→ **What the exercise asks**:
Take the records below from their first line through the line holding "Women's Vintage Ethnic", and set each of those lines down exactly, without pictures.

→ **Provided records**:
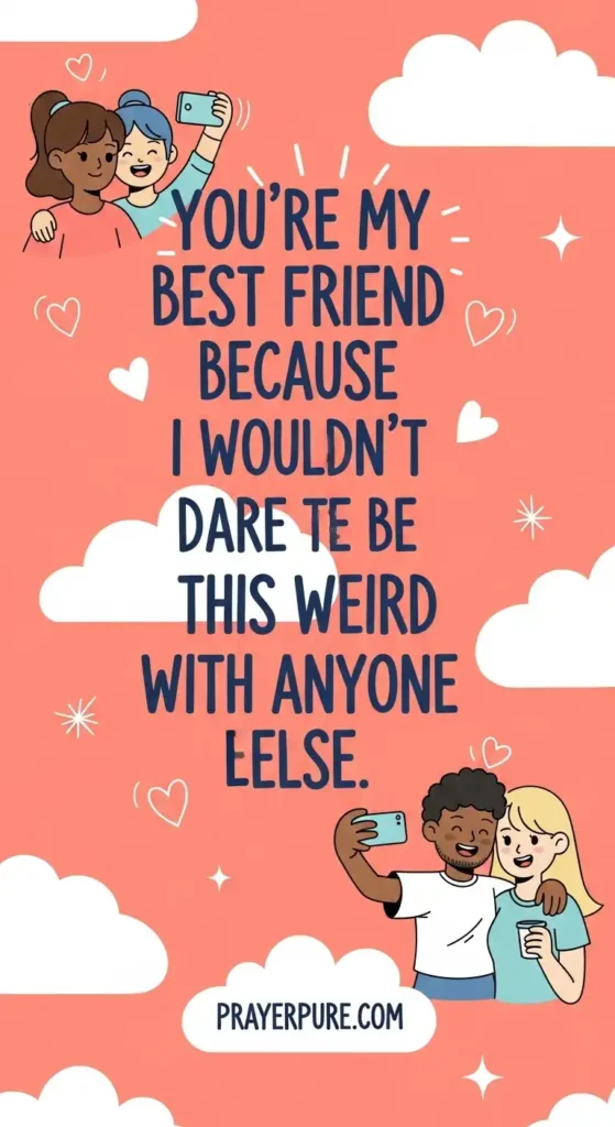 You’re my best friend because I wouldn’t dare be this weird with anyone else.
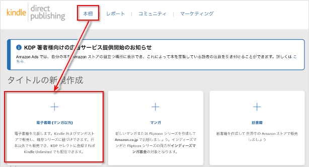 準備:KDPにログインして「Kindle本」を作成
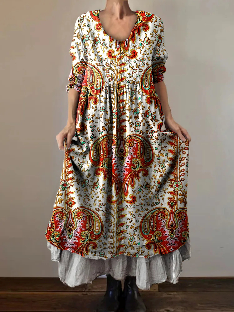 Women's Vintage Ethnic Floral Art Print V-Neck Button Pocket Cotton Dress
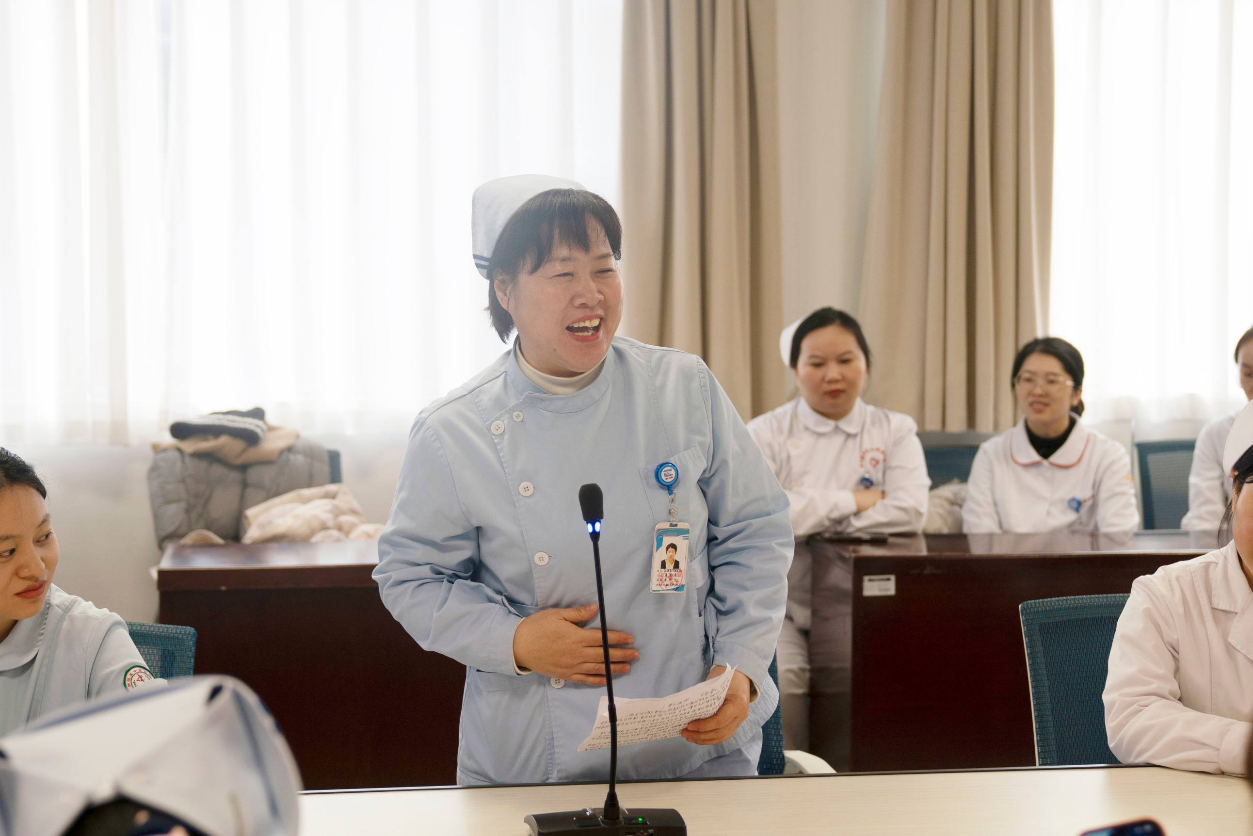 我院郑州院区护理门诊护士长魏培利作为带教老师代表分享带教初心,她坦言与学员在朝夕相处中实现了教学相长,这份荣誉属于全体带教团队,未来会继续精进教学,助力更多专科护理人才成长。
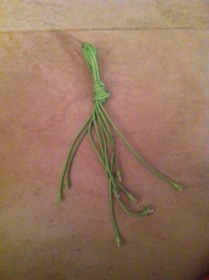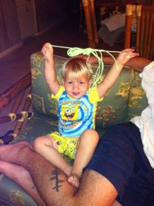 I really have to give this one up for my husband’s quick and creative thinking. As we arrived in Key West this week – with minimal toys on hand – we realized that the 2 year old was not really satisfied with his selection. As Dear Hubby (DH) untied the double stroller from the roof rack, he knotted the 4 short pieces of rope into one big knot and called it “Octopus”, and BAM! A new friend was made.
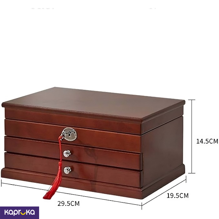 The Jewellery Wooden Box Organiser is crafted from high-quality wood, ensuring durability and a classic aesthetic appeal.
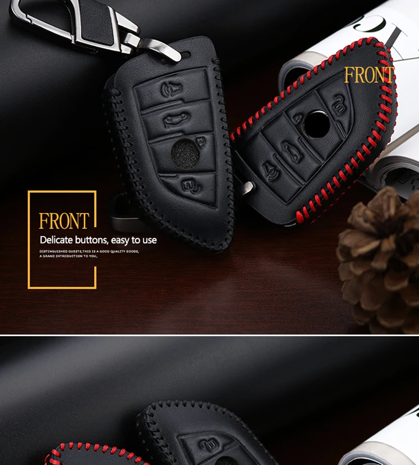 Чехол для автомобильного ключа из натуральной кожи для BMW X5 E53 E70 F48X1 X3 X4 G01F15 G05 F25 E83 G02 X6 F16 E71 аксессуары для металлического кольца для ключей
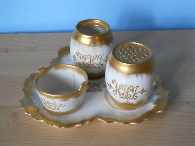 William Lycett Limoges Spicy set of 4 pc White Porcelain Gold Trim AS IS
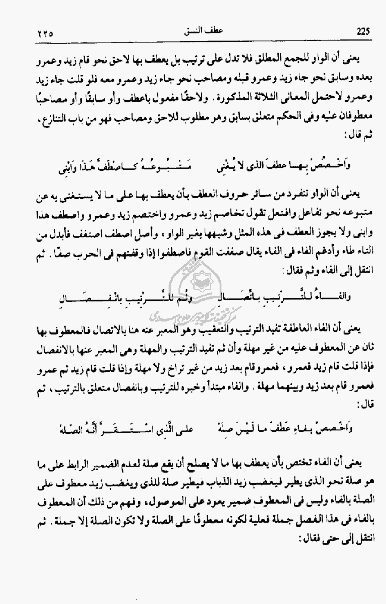 يعنى أن الواو للجمع المطلق فلا تدل على ترتيب بل يعطف بها لاحق نحو قام زيد وعمرو بعده وسابق نحو جاء زيد وعمرو قبله ومصاحب نحو جاء زيد وعمرو معه فلو قلت جاء زيد وعمرو لاحتمل المعانى الثلاثة المذكورة. ولا حقا مفعول باعطف وأو سابقا وأو مصاحبا معطوفان عليه وفى الحكم متعلق بسابق وهو مطلوب للاحق ومصاحب فهو من باب التنازع، ثم قال:
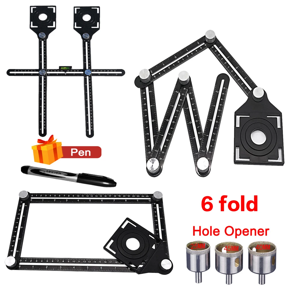 6-сторонняя фотовспышка из алюминиевого сплава, цельнометаллическая направляющая для сверления, многоугольный инструмент, измерительная линейка, перфорированная фотография
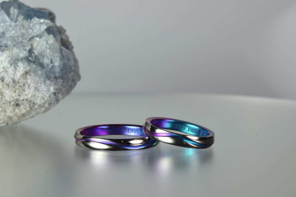 タンタルは単色だけでなく、複数の色を組み合わせたバイカラー発色も可能です。リングの内側と外側で異なる色を選んだり、デザインによって複数の色を配置したりと、あなただけのオリジナリティあふれる結婚指輪が実現します。
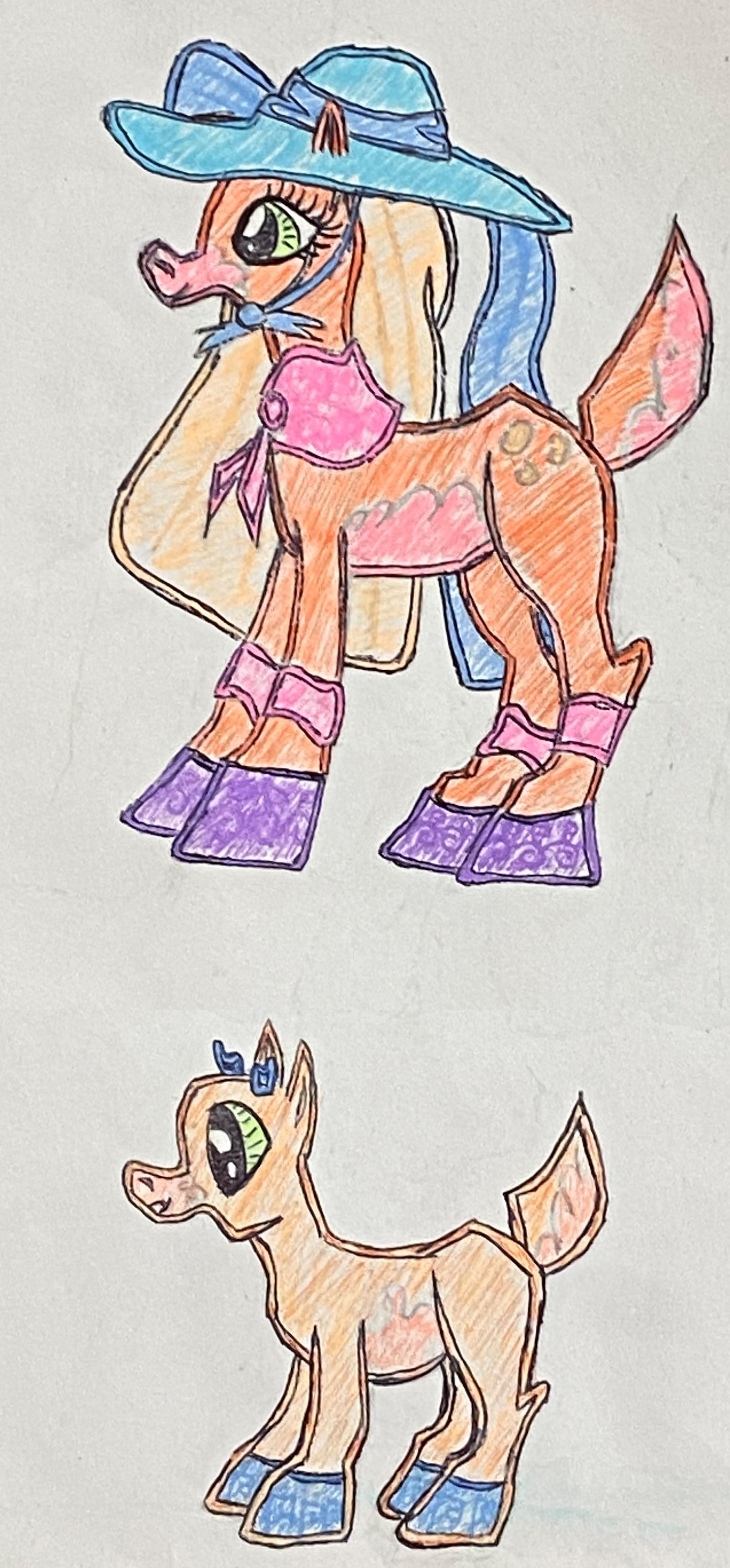 These neon deer were inspired by My little pony: friendship is magic style. After watching the show, I feel in love with the beautiful yet charming cartoon style so much, so I wanted to make my own cute cartoon style: I started with an animal I love close to horses/ponies that I love: deer. And the finished style and deers (along with the bright neon colors) looks so wonderful and turned out awesome I might use this style in the future.
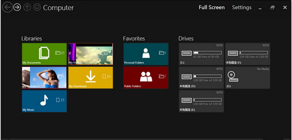 Immersive Explorer是为桌面用户设计的,现在也支持触摸屏了,这个软件使用了硬件加速,所以显示的动画和过渡效果也会十分的流畅。
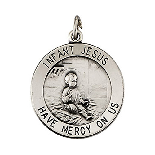 Sterling silver round Infant Jesus medal includes a matching 18-inch chain. Inscription reads: INFANT JESUS HAVE MERCY ON US. Weighs 2.23 grams. Please note: weight is approximate, actual weight may vary.
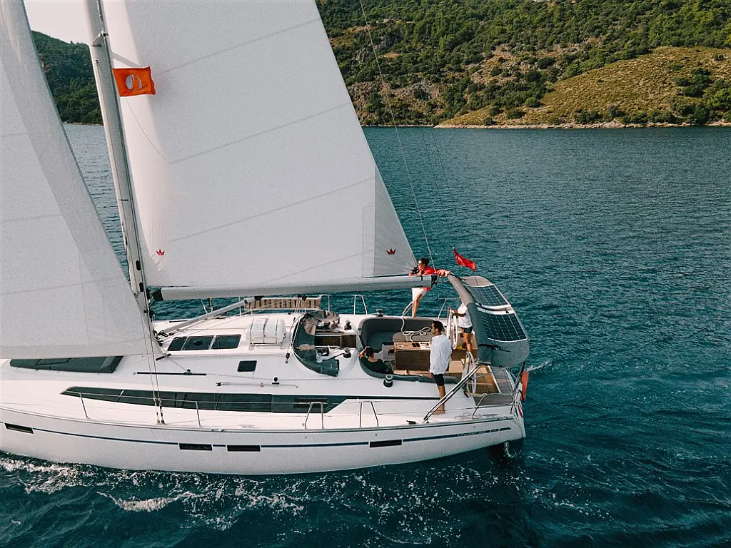 Beiboot, Teak Cockpit, Cockpit-Kissen, Bimini, Badeplattform, Elektrische Toilette, Kühlschrank, Inverter, Solar-Panele
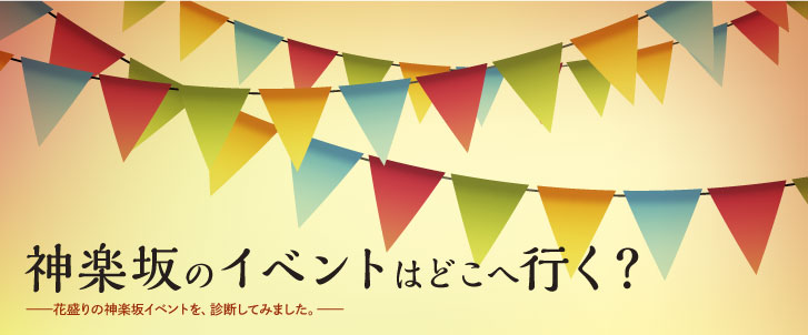 神楽坂で行われるイベントの数は、他のまちに比べてかなり多い。多すぎて疲れ切ってしまうとこぼす人もいれば、商業の活性化には全然結びつかないという声もある。それでは、神楽坂には、どんなイベントがふさわしいのか。現在のイベントの実態はどうなっているのか、編集部で取材しました。

→ **Response to this task**:
 You’re my best friend because I wouldn’t dare be this weird with anyone else.
 準備:KDPにログインして「Kindle本」を作成
 Women's Vintage Ethnic Floral Art Print V-Neck Button Pocket Cotton Dress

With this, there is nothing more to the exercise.